▶ _Dataset extract_:
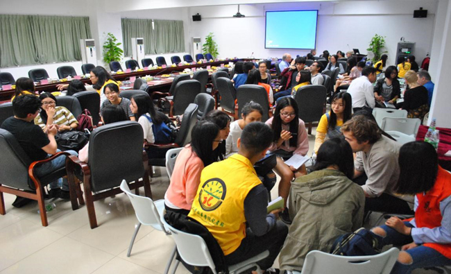 新华学子以小组为单位,与作家们围坐在一起讨论文学作品
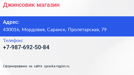 Джинсовик, магазин по адресу 430016, Мордовия, Саранск, Пролетарская, 79 в дальнейшем Организация, размещена в следующих категориях:
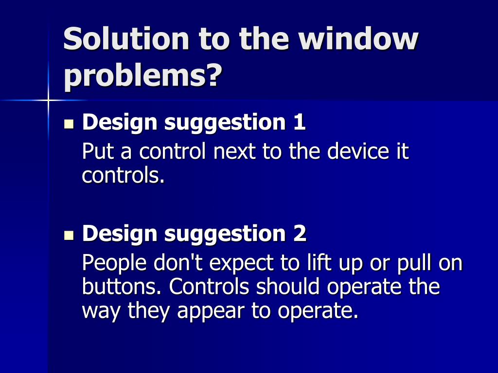 Solution to the window problems? • Design suggestion 1 Put a control next to the device it controls. • Design suggestion 2 People don't expect to lift up or pull on buttons. Controls should operate the way they appear to operate.
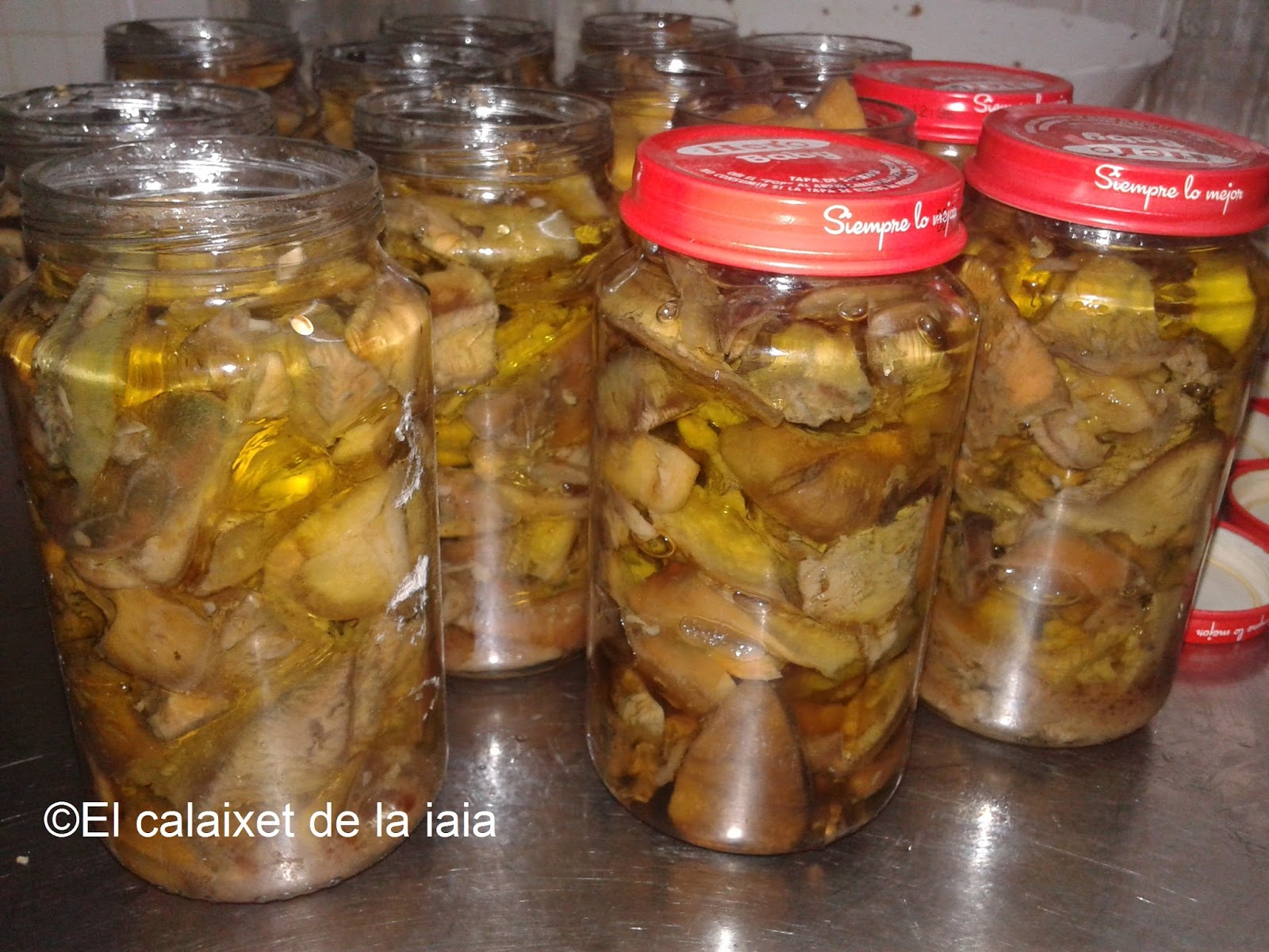 Cuando no damos a basto a comerlos y regalarlos y como venderlos va en contra de sus ideas, los suelo congelar en porciones individuales, pero a veces, el arcón está lleno y no caben mas, así que no queda otra que prepararlos en conserva, aunque como mas me gustan son congelados,los preparo igual que para conserva pero en bolsitas individuales y al congelador.

▶ _What is needed_: Quote the material in full and exactly; do not carry over its pictures.

▶ _Result for this exercise_:
 新华学子以小组为单位,与作家们围坐在一起讨论文学作品
 Джинсовик, магазин по адресу 430016, Мордовия, Саранск, Пролетарская, 79 в дальнейшем Организация, размещена в следующих категориях:
 Solution to the window problems? • Design suggestion 1 Put a control next to the device it controls. • Design suggestion 2 People don't expect to lift up or pull on buttons. Controls should operate the way they appear to operate.
 Cuando no damos a basto a comerlos y regalarlos y como venderlos va en contra de sus ideas, los suelo congelar en porciones individuales, pero a veces, el arcón está lleno y no caben mas, así que no queda otra que prepararlos en conserva, aunque como mas me gustan son congelados,los preparo igual que para conserva pero en bolsitas individuales y al congelador.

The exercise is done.